Alphabets#
Note
These docs now use the new_type
core objects via the following setting.
import os
# using new types without requiring an explicit argument
os.environ["COGENT3_NEW_TYPE"] = "1"
CharAlphabet
and MolType
#
MolType
instances have an CharAlphabet
.
from cogent3 import get_moltype
dna = get_moltype("dna")
print(dna.alphabet)
protein = get_moltype("protein")
print(protein.alphabet)
('T', 'C', 'A', 'G')
('A', 'C', 'D', 'E', 'F', 'G', 'H', 'I', 'K', 'L', 'M', 'N', 'P', 'Q', 'R', 'S', 'T', 'U', 'V', 'W', 'Y')
CharAlphabet
instances reference the MolType
that created them.
dna.alphabet.moltype is dna
True
Creating tuple alphabets#
You can create a tuple alphabet of, for example, dinucleotides or trinucleotides.
dinuc_alphabet = dna.alphabet.get_kmer_alphabet(2)

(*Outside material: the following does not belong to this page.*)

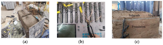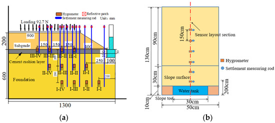 Soil samples from the site were collected, transported, and dispersed before being air-dried to prepare the models, following compaction standards that varied according to the positions of the subgrade and foundation. Due to limitations in the available test soil and site conditions, the road was treated symmetrically along the centerline. Additionally, considering the infinite extension of the foundation and a similarity ratio of 20, the foundation had a height of 0.6 m, a width of 0.5 m, and a length of 1.3 m. Considering that the infiltration from the side ditch primarily humidified the lower subgrade, the height of the far subgrade was controlled at 4 m. After this control, the model subgrade had a height of 0.2 m, with a length of 1.2 m and a width of 0.5 m. A 0.1 m slope foot was reserved, and the subgrade side slope was approximately 1:1.5. The model diagram is shown in Figure 6.

trinuc_alphabet = dna.alphabet.get_kmer_alphabet(3)
print(dinuc_alphabet, trinuc_alphabet, sep="\n")
('TT', 'TC', 'TA', 'TG', 'CT', 'CC', 'CA', 'CG', 'AT', 'AC', 'AA', 'AG', 'GT', 'GC', 'GA', 'GG')
('TTT', 'TTC', 'TTA', 'TTG', 'TCT', 'TCC', 'TCA', 'TCG', 'TAT', 'TAC', 'TAA', 'TAG', 'TGT', 'TGC', 'TGA', 'TGG', 'CTT', 'CTC', 'CTA', 'CTG', 'CCT', 'CCC', 'CCA', 'CCG', 'CAT', 'CAC', 'CAA', 'CAG', 'CGT', 'CGC', 'CGA', 'CGG', 'ATT', 'ATC', 'ATA', 'ATG', 'ACT', 'ACC', 'ACA', 'ACG', 'AAT', 'AAC', 'AAA', 'AAG', 'AGT', 'AGC', 'AGA', 'AGG', 'GTT', 'GTC', 'GTA', 'GTG', 'GCT', 'GCC', 'GCA', 'GCG', 'GAT', 'GAC', 'GAA', 'GAG', 'GGT', 'GGC', 'GGA', 'GGG')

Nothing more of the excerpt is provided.